Study material:
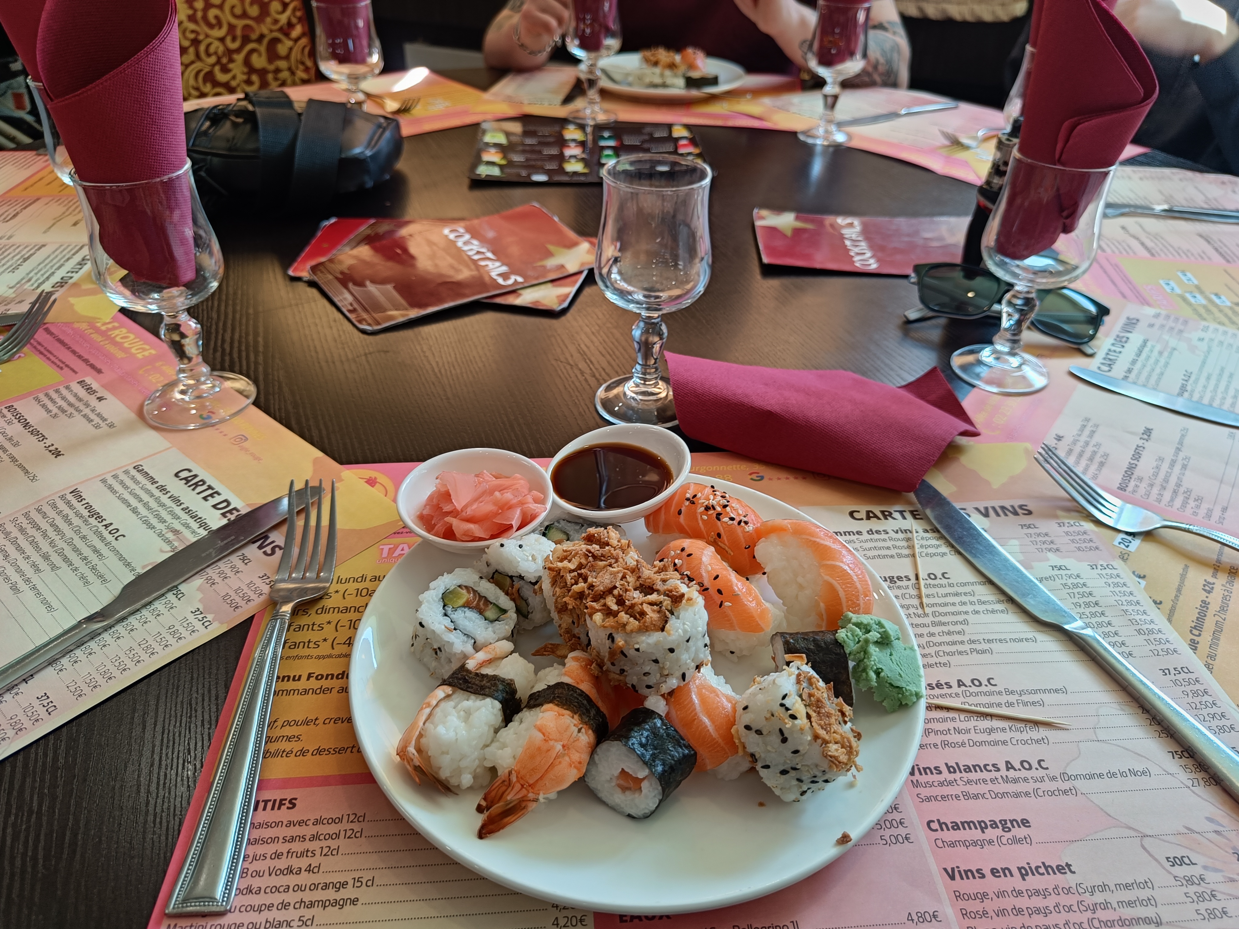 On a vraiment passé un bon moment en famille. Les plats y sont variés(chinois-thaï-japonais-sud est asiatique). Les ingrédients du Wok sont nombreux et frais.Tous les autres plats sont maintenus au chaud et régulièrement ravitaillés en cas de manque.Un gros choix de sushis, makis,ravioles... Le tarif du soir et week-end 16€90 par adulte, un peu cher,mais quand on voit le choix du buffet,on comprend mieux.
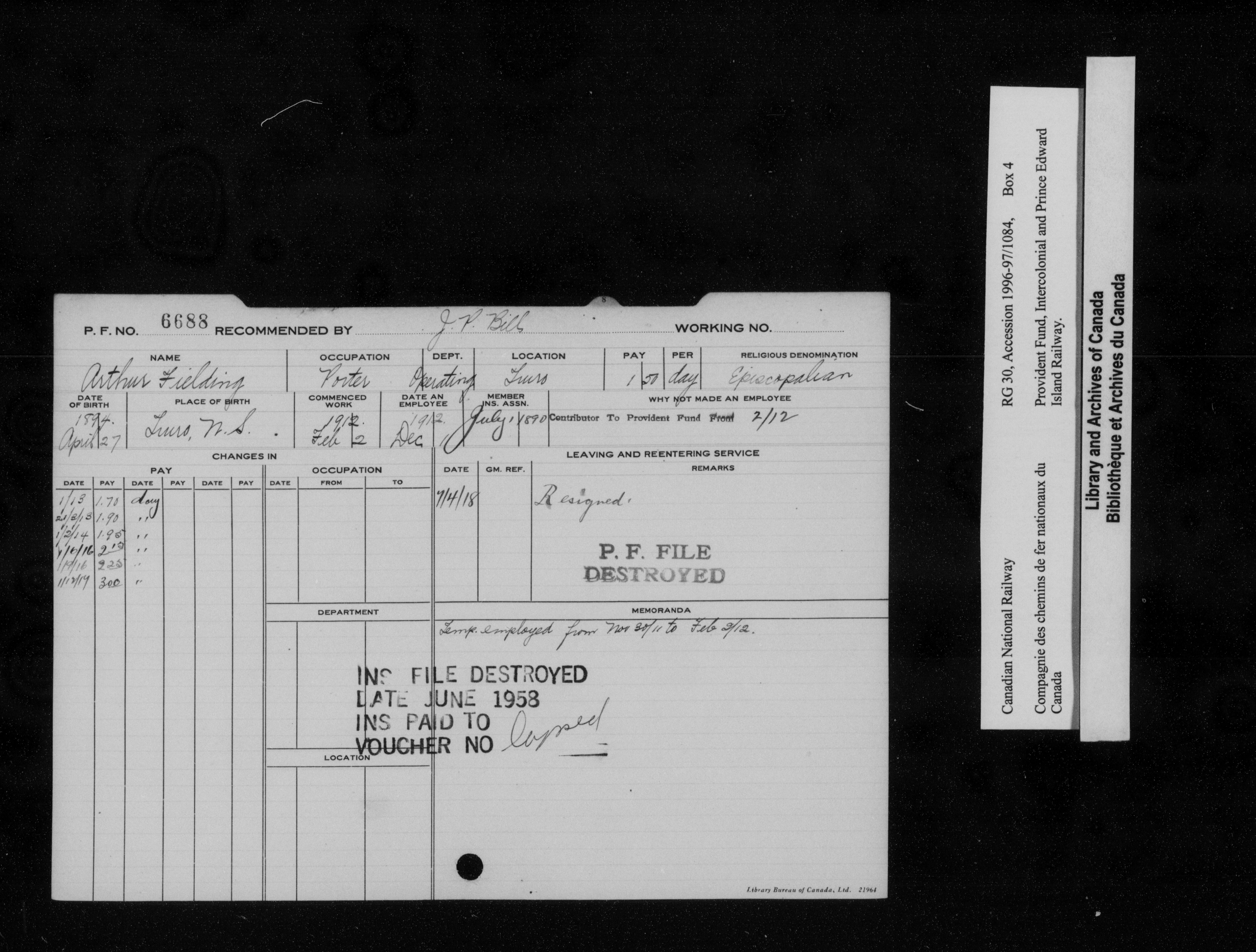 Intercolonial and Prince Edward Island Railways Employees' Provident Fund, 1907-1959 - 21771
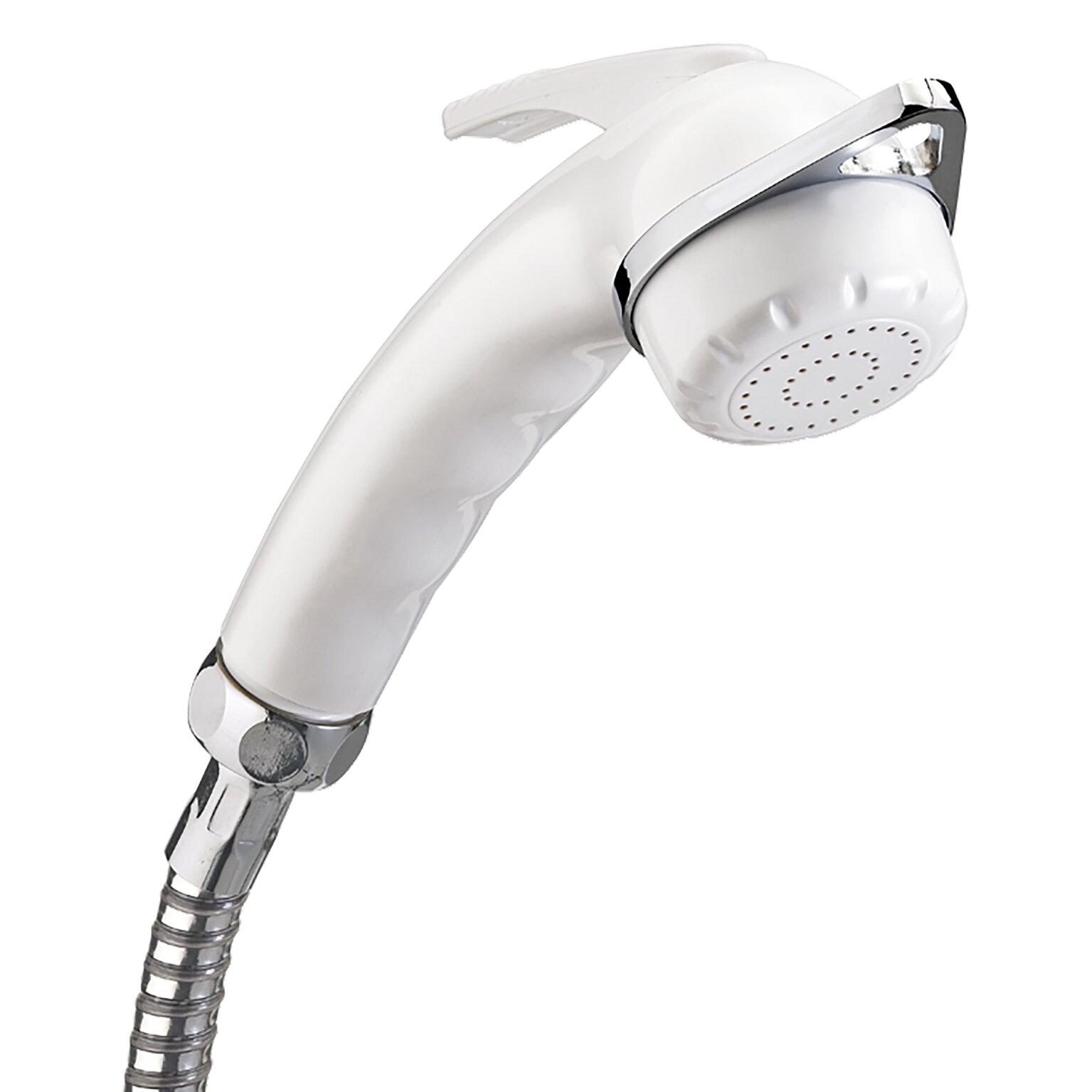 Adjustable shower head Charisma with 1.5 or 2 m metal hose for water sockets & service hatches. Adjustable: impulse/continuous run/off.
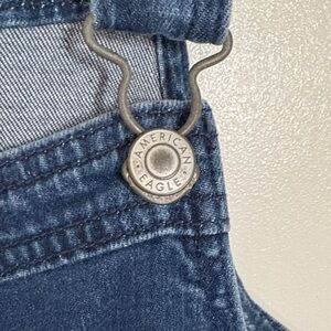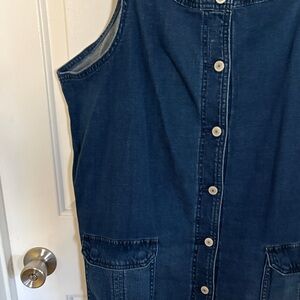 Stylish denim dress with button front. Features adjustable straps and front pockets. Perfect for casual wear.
...
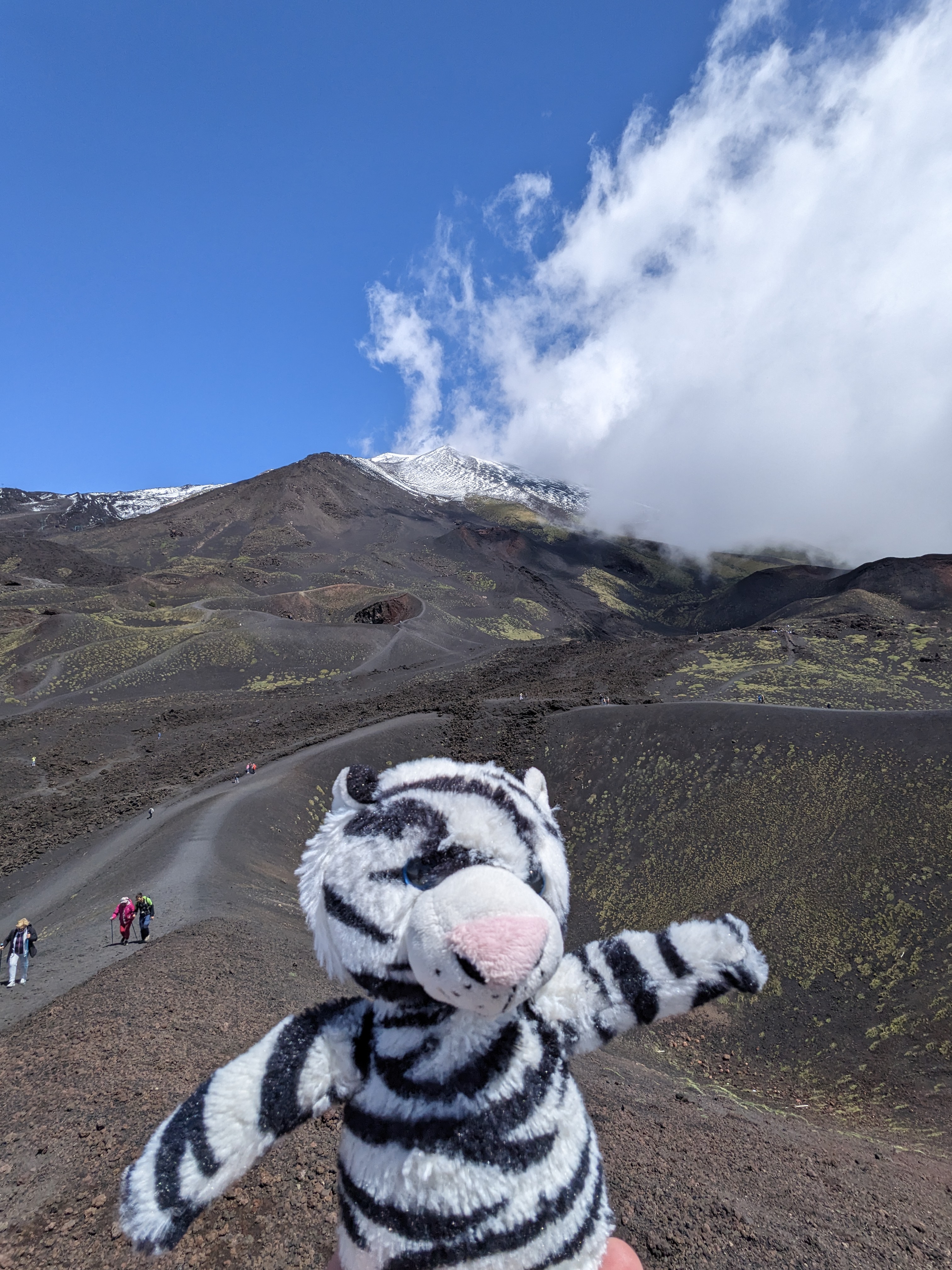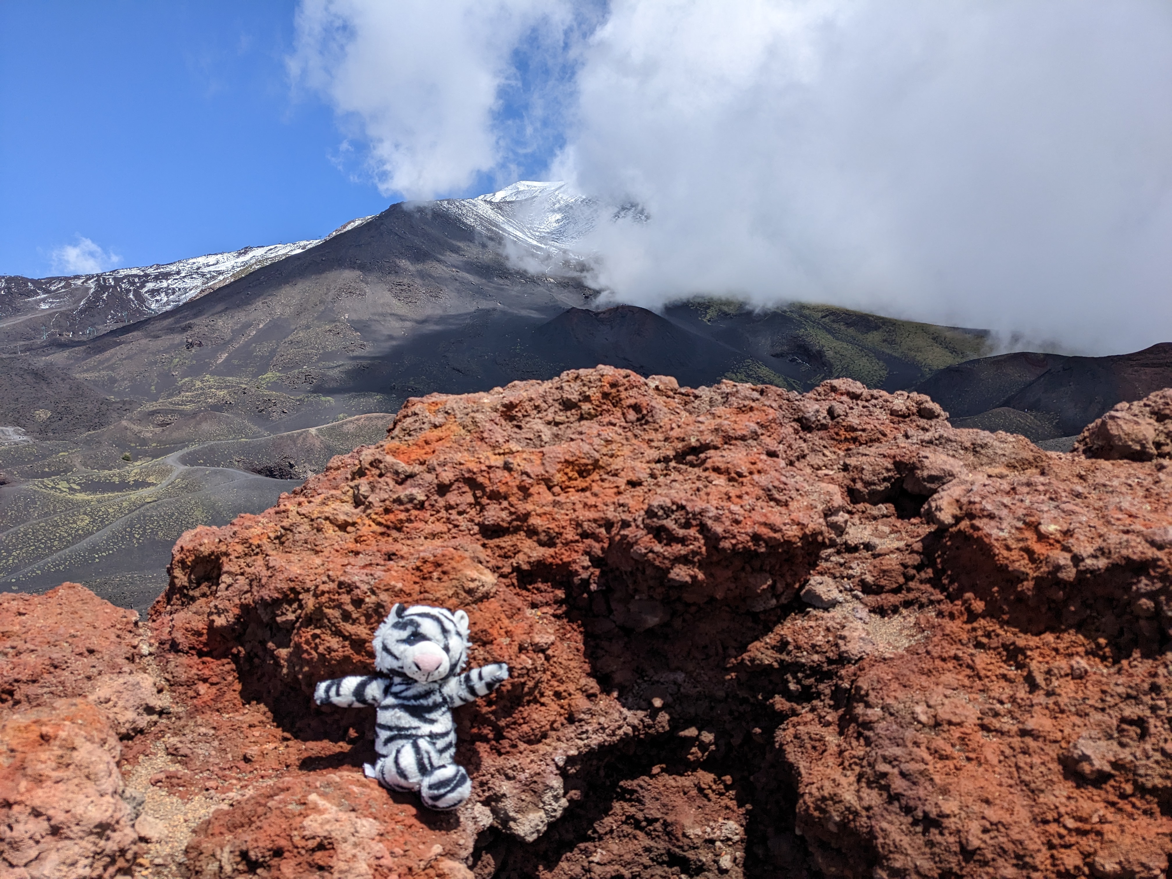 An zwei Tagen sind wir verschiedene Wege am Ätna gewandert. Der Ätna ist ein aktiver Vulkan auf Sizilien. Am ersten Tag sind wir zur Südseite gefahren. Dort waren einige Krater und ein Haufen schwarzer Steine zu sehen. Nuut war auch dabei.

Your instructions:
With the pictures removed, print only the lines starting at the line that has "Intercolonial and Prince" and ending at the line that has "Stylish denim dress", both ends included, exactly as they stand above.

Written solution:
 Intercolonial and Prince Edward Island Railways Employees' Provident Fund, 1907-1959 - 21771
 Adjustable shower head Charisma with 1.5 or 2 m metal hose for water sockets & service hatches. Adjustable: impulse/continuous run/off.
 Stylish denim dress with button front. Features adjustable straps and front pockets. Perfect for casual wear.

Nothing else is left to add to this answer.